Brief:
What is needed is an exact reproduction of the lines in the records below, starting at the line with "4-ports at Same" and ending at the line with "随后,各方向组依次汇报工作。", both included, and nothing else; pictures stay out.

The data:
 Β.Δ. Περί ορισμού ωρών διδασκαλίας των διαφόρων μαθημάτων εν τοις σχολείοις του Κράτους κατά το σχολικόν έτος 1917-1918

...

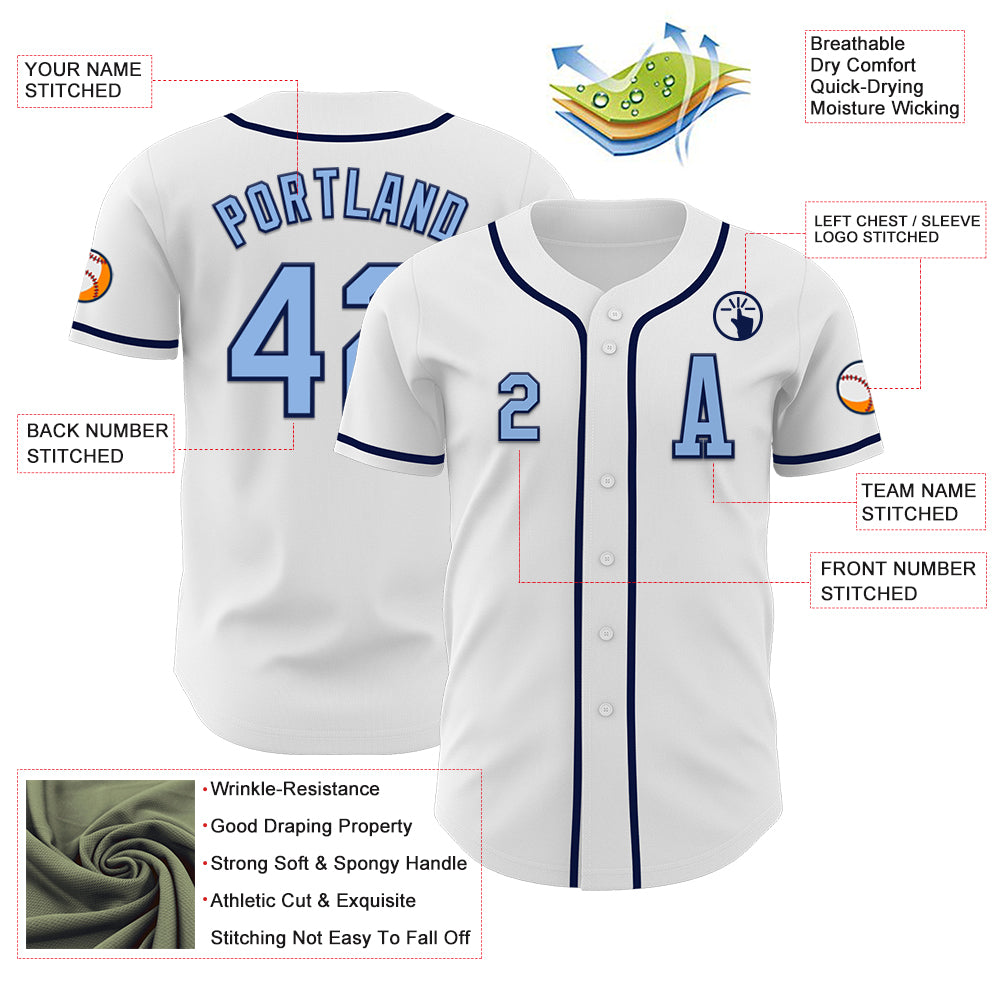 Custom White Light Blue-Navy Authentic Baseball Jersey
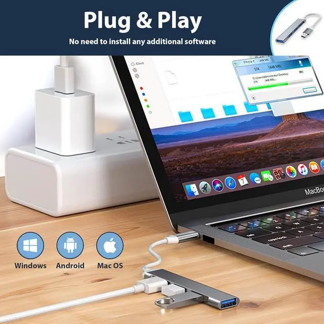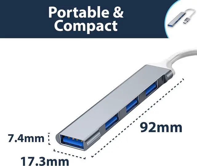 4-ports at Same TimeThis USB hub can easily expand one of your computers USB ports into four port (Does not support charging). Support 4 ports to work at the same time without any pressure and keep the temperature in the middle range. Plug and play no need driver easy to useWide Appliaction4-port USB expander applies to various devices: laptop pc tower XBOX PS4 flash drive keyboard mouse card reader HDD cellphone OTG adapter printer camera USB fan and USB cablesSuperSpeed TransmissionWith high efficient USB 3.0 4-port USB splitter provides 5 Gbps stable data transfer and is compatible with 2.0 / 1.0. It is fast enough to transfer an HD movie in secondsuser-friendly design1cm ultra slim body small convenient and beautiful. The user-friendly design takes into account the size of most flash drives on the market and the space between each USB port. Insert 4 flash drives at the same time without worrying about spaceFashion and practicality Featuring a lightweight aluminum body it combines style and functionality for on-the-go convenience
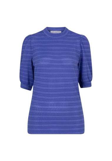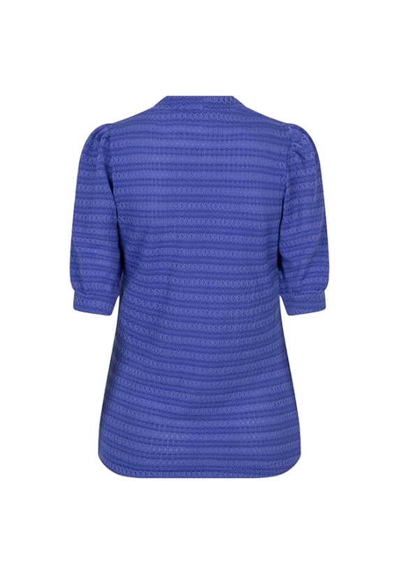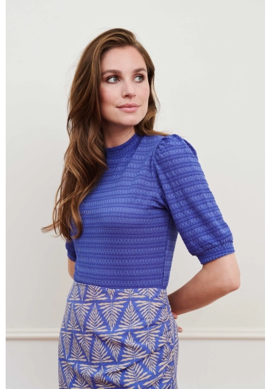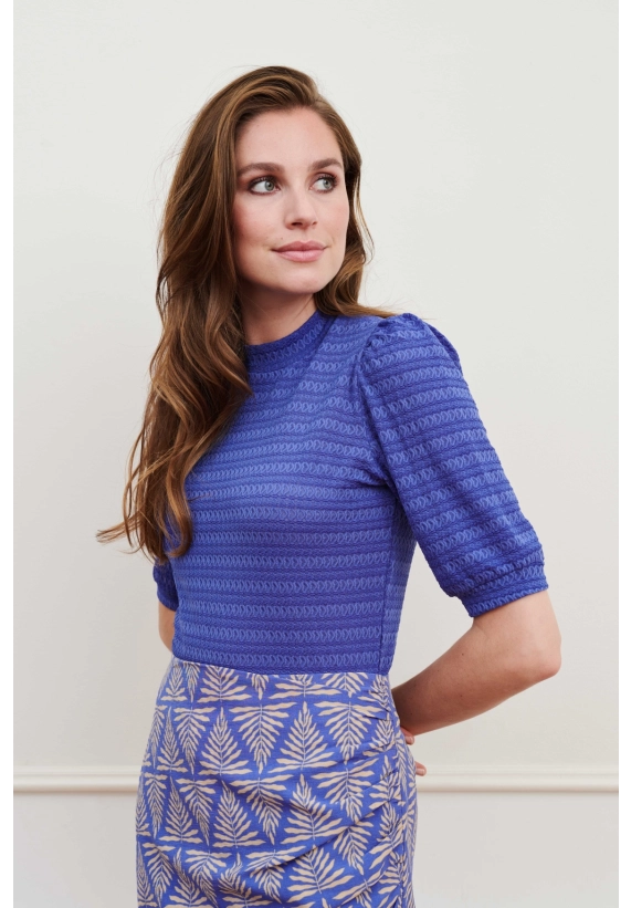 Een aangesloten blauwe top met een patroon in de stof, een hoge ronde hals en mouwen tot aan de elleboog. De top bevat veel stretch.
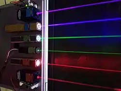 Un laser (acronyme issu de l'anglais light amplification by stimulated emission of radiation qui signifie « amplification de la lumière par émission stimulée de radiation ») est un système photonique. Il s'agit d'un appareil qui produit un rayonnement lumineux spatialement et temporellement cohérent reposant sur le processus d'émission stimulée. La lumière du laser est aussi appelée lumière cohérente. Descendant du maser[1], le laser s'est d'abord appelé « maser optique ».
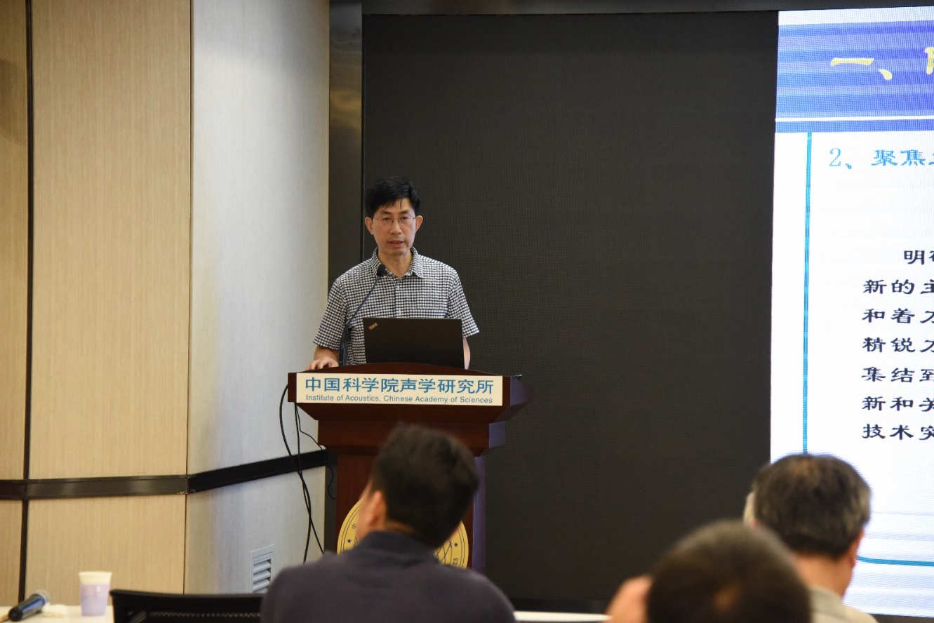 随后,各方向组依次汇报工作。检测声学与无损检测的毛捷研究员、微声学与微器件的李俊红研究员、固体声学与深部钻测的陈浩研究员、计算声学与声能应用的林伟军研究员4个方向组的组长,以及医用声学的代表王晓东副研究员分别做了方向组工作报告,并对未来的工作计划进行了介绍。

---

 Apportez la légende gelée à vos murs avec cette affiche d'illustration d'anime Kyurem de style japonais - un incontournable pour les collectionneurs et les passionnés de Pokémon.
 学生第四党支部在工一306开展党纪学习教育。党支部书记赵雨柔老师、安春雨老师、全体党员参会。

Task output:
 4-ports at Same TimeThis USB hub can easily expand one of your computers USB ports into four port (Does not support charging). Support 4 ports to work at the same time without any pressure and keep the temperature in the middle range. Plug and play no need driver easy to useWide Appliaction4-port USB expander applies to various devices: laptop pc tower XBOX PS4 flash drive keyboard mouse card reader HDD cellphone OTG adapter printer camera USB fan and USB cablesSuperSpeed TransmissionWith high efficient USB 3.0 4-port USB splitter provides 5 Gbps stable data transfer and is compatible with 2.0 / 1.0. It is fast enough to transfer an HD movie in secondsuser-friendly design1cm ultra slim body small convenient and beautiful. The user-friendly design takes into account the size of most flash drives on the market and the space between each USB port. Insert 4 flash drives at the same time without worrying about spaceFashion and practicality Featuring a lightweight aluminum body it combines style and functionality for on-the-go convenience
 Een aangesloten blauwe top met een patroon in de stof, een hoge ronde hals en mouwen tot aan de elleboog. De top bevat veel stretch.
 Un laser (acronyme issu de l'anglais light amplification by stimulated emission of radiation qui signifie « amplification de la lumière par émission stimulée de radiation ») est un système photonique. Il s'agit d'un appareil qui produit un rayonnement lumineux spatialement et temporellement cohérent reposant sur le processus d'émission stimulée. La lumière du laser est aussi appelée lumière cohérente. Descendant du maser[1], le laser s'est d'abord appelé « maser optique ».
 随后,各方向组依次汇报工作。检测声学与无损检测的毛捷研究员、微声学与微器件的李俊红研究员、固体声学与深部钻测的陈浩研究员、计算声学与声能应用的林伟军研究员4个方向组的组长,以及医用声学的代表王晓东副研究员分别做了方向组工作报告,并对未来的工作计划进行了介绍。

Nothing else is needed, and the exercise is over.